Collection entries:

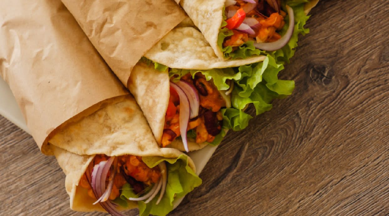 mięso, surówka ( biała kapusta, czerwona kapusta, kapusta pekińska, sałata lodowa, pomidor, ogórek, ogórek korniszon, czerwona cebula, papryka jalapeno, kukurydza) , sos
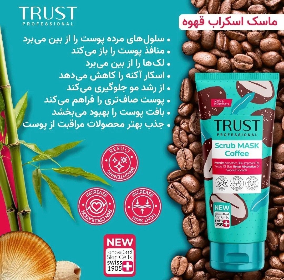 نحوه مصرف: شبها به مقدار مناسب از ماسک، روی پوست تمیز قرار داده، به آرامی و بصورت دورانی ماساژ دهید. سپس با آب کافی شستشو نمایید. پیشنهاد میشود بعد از اسکراب پوست، از کرم آبرسان تراست استفاده نمایید
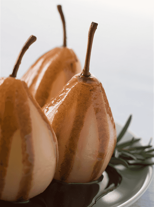 Твердые спелые груши небольшого размера (например, сорт «Форель») разрезать пополам, удалить сердцевину и добавить в сироп. Накрыть все пергаментной бумагой и тушить 35-40 мин., периодически переворачивая груши, пока они не станут мягкими.
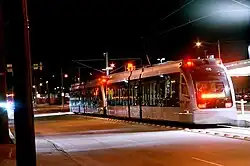 The 6.7-mile (10.8 km), 10-station Purple Line, and seven stations of the 3.2-mile (5.1 km), 9-station Green Line opened on May 23, 2015.[122] The final two stations of the Green Line opened on January 11, 2017.[123] A storage yard/inspection facility is located off of Harrisburg and Clifton.
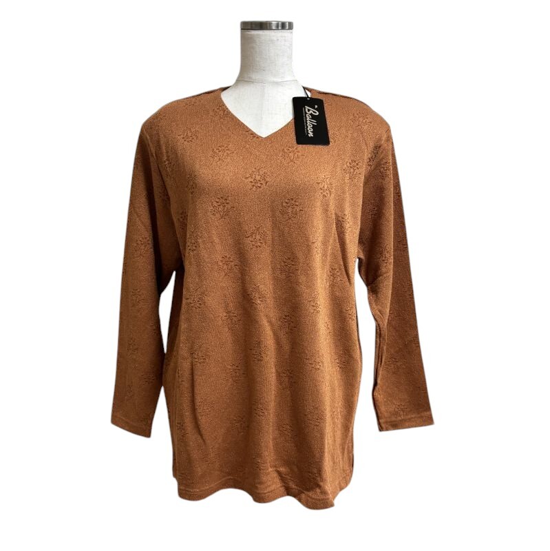 温かみのあるテラコッタブラウンが魅力的な、Vネック長袖カットソー。
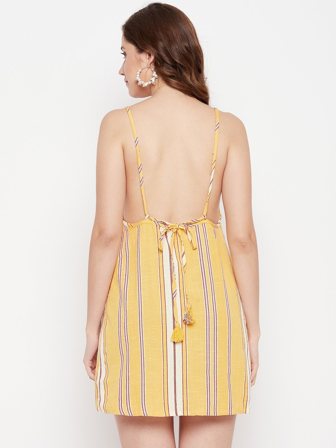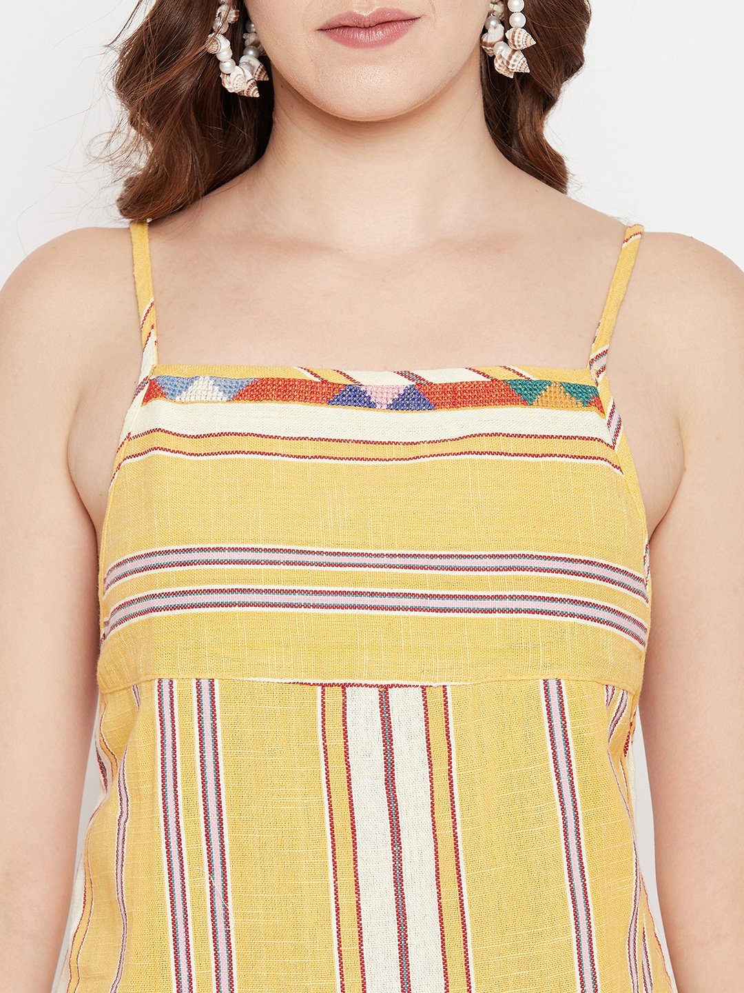 WOVEN SLEEVELESS SHORT DRESS WITH NECK EMB.

EXERCISE BRIEF: Would you repeat exactly, and only, the lines from the start of the records above through the line containing "Твердые спелые груши", with the pictures omitted?

REPLY:
 mięso, surówka ( biała kapusta, czerwona kapusta, kapusta pekińska, sałata lodowa, pomidor, ogórek, ogórek korniszon, czerwona cebula, papryka jalapeno, kukurydza) , sos
 نحوه مصرف: شبها به مقدار مناسب از ماسک، روی پوست تمیز قرار داده، به آرامی و بصورت دورانی ماساژ دهید. سپس با آب کافی شستشو نمایید. پیشنهاد میشود بعد از اسکراب پوست، از کرم آبرسان تراست استفاده نمایید
 Твердые спелые груши небольшого размера (например, сорт «Форель») разрезать пополам, удалить сердцевину и добавить в сироп. Накрыть все пергаментной бумагой и тушить 35-40 мин., периодически переворачивая груши, пока они не станут мягкими.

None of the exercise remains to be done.